START SOURCE MATERIAL
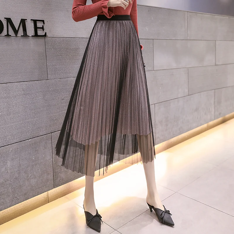 Best Korean Fashion Pleated Skirt Women Mesh Skirts Woman High Waist Midi Skirt Women Sequined Long Skirts Faldas Mujer Moda Harajuku Free Shipping
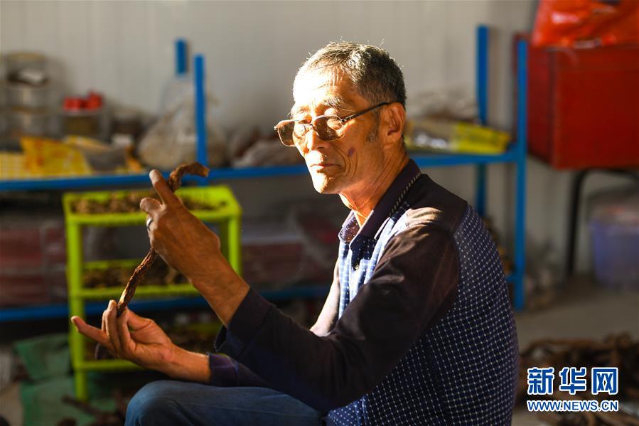 7月7日,孟和巴依尔在仓库中查看苁蓉的风干情况。 新华社记者 彭源 摄
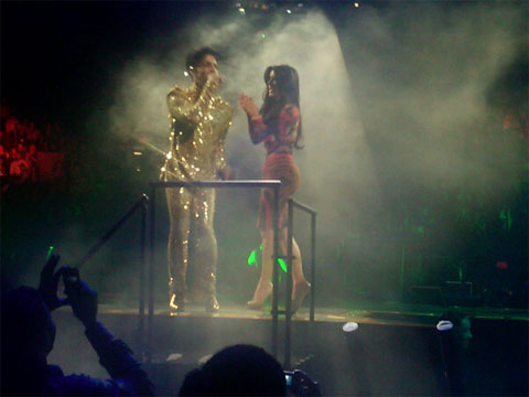 Back in 2008, he did a benefit concert on the rooftop of the Hotel Gansevoort for about 250 people. The shows celebrated the release of the multimedia book, “21 Nights,” which chronicled his 21-Night run at the O2 arena in London in 2007. The photo book also includes a CD of exclusive material, and proceeds from the launch party were to go to two charities, Love 4 One Another Charities and Urban Farming (both with connections to Prince’s beloved hometown of Minneapolis). But I digress, Cee-Lo Green opened for his majesty and re-appeared in the second portion of Prince’s show. Cee-Lo sang the Gnarls Barkley hit “Crazy” joined by Prince on guitar. As “Crazy” ended… “Dearly beloved,” Prince went into “Let’s Go Crazy,” dropping in tastes of “Delirious.” Other gems his purpleness performed were “1999,” a very stripped down version of “Little Red Corvette,” “The Beautiful Ones” (joined by Misty Copeland doing ballet), “Mountains,” “I Would Die 4 U” and “Controversy,” which was what was playing when he offered Kim Kardashian a moment on stage to dance. When she got there and didn’t dance, Prince told her, “Get off the stage.”
END SOURCE MATERIAL
▶ TASK ITEM:
Here the job is to output the lines from the top of the listing through the line holding "7月7日,孟和巴依尔在仓库中查看苁蓉的风干情况。 新华社记者 彭源 摄", word for word and without pictures.

▶ ANSWER SECTION:
 Best Korean Fashion Pleated Skirt Women Mesh Skirts Woman High Waist Midi Skirt Women Sequined Long Skirts Faldas Mujer Moda Harajuku Free Shipping
 7月7日,孟和巴依尔在仓库中查看苁蓉的风干情况。 新华社记者 彭源 摄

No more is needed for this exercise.